Introduction: Susuwatari Gremlin Truffles
***Some susuwatari went out of the cage and found the candy!!! And it's passed midnight....***
*** Once they are back in the cage something is changing...and now they are white and wicked!!***
*** They madden the other ones, now all of them want candy!!!***
*** The candy craving is too strong......With the axe they break the cage and now they are completely free***
*** RUN!! there is just one way to win this battle...its time to play hard and......eat them!!!***
(hehehe, I'm not the best storyteller ^^') *There you have a caption of the film so you can see how adorably cute these originally are!
I love all Studio Ghibli films. The first one I saw was "Spirited away" and I remember the feeling it left on me, like an imprint. My favourite characters were Haku, No-face and the soot sprites, also known as susuwatari; they are the cutest thing ever!!! just little balls of coal dust running around, and going mad for some candy!!! I also love the film "My neighbor Totoro" (Totoro is soooo fluffy!!) and when I saw them in that film too, I just fell completely in love with them!
So this dessert is centered on them, but with a wicked twist; since they have this craving for candy, and since I love the movie "Gremlins" I made a mix of both things and I got my Susuwatari Gremlins!! So I think it's better to keep them in a cage, just in case things start to get out of hands..........
But even if they seem real, you have nothing to fear, because they are just White chocolate vanilla truffles and dark chocolate truffles! If you want to make this cute-creepy-delicious and deceptive dessert, keep reading!
(P.S: I had to make them in my student apartment, so forgive the lack of professionalism of some photos and "techniques"; I just had a pair of pics taken at home, but I hope you like it anyway!!!)
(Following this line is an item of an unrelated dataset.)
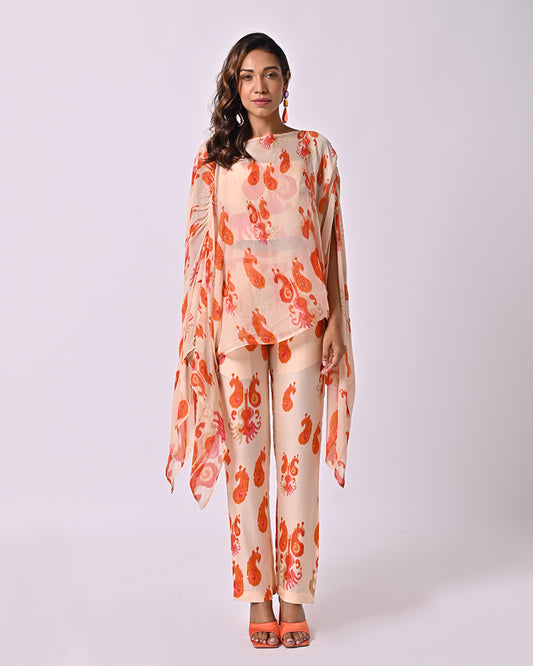 Peach Ikat Asymmetric Top
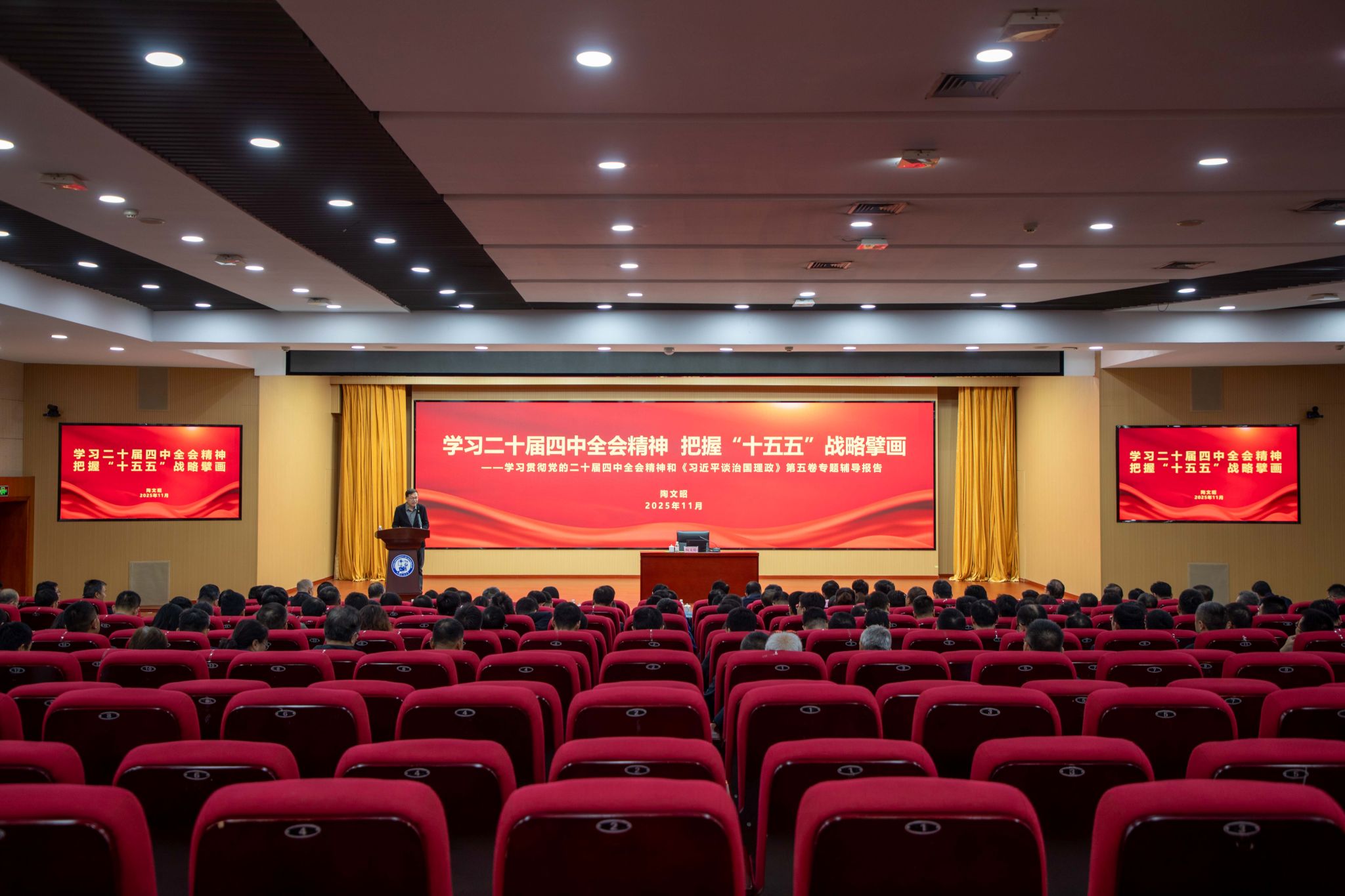 11月5日,学校举行党的二十届四中全会精神专题辅导报告会,邀请中国人民大学陶文昭教授作《学习二十届四中全会精神 把握“十五五”战略擘画》专题辅导报告。党委书记吴强明,副校长张玲玲,党委副书记万云波,党委副书记、纪委书记刘珂,党委常委赵放辉、蒋文春,校长助理于连栋出席会议。万云波主持会议,校院两级伟德bevictor中文版组成员、全校中层干部、各民主党派负责人、马克思主义学院教师、辅导员参加会议。

Step 1: Step 1: Making the Truffles
The first thing to start this dessert is making the truffles. For that, we will make a batch of white truffles, and another batch of dark truffles. Keep in mind that these will be pretty big once they are finished, so you won't get a lot of truffles per batch.
Ingredients (White chocolate truffles)
-100g of white chocolate (I bought lindor because it's a very rich chocolate, and it was on sale at the supermarket, but it will work with any chocolate brand)
-30ml of whipping cream
-15g of butter (room temperature)
**This will make like 4 big truffles
For the making process:
1. In small saucepan, pour the whipping cream and over low heat, heat until cream comes to a simmer, stirring occasionally.
2. In a glass bowl combine the white chocolate and butter and place this white chocolate mixture over a pot of warm water on low heat (water should not touch bottom of bowl), what is called "Baño maría". Stir the mixture frequently just until almost melted.
3. Add the whipping cream to the mixture, and combine with the almost melted chocolate mixture. Stir until the everything is melted, homogeneous and smooth.
4. Chill at least 4 hours, covering tightly when cold. This way the mixture (which is like a similar white chocolate ganache) will set firm enough to make the truffles.
5. Once the time has passed, using a tablespoon, form balls of about 2,5-3cm diameter from the cold truffle base. Start rolling the small spoons of ganache between your hands until a ball is formed. Wrap each of them in cling film, and place them in the fridge or freezer again and let them cool until you need them.
Ingredients (Dark chocolate truffles)
-200g of dark chocolate (I bought lindor too)
-50ml of whipping cream
-50g of butter (room temperature)
-3tbsp of icing sugar
-1tbsp of cocoa powder
**This will make like 9 big truffles
For the making process:
1. In small glass bowl, pour the whipping cream and the chocolate, and place this mixture over a pot of warm water on low heat (water should not touch bottom of bowl), what is called "Baño María". Stir the mixture frequently just until almost melted and set aside.
2. In a glass bowl combine the icing sugar and butter until everything is integrated. Then, add the cocoa powder and keep stirring until the mixture is homogeneous.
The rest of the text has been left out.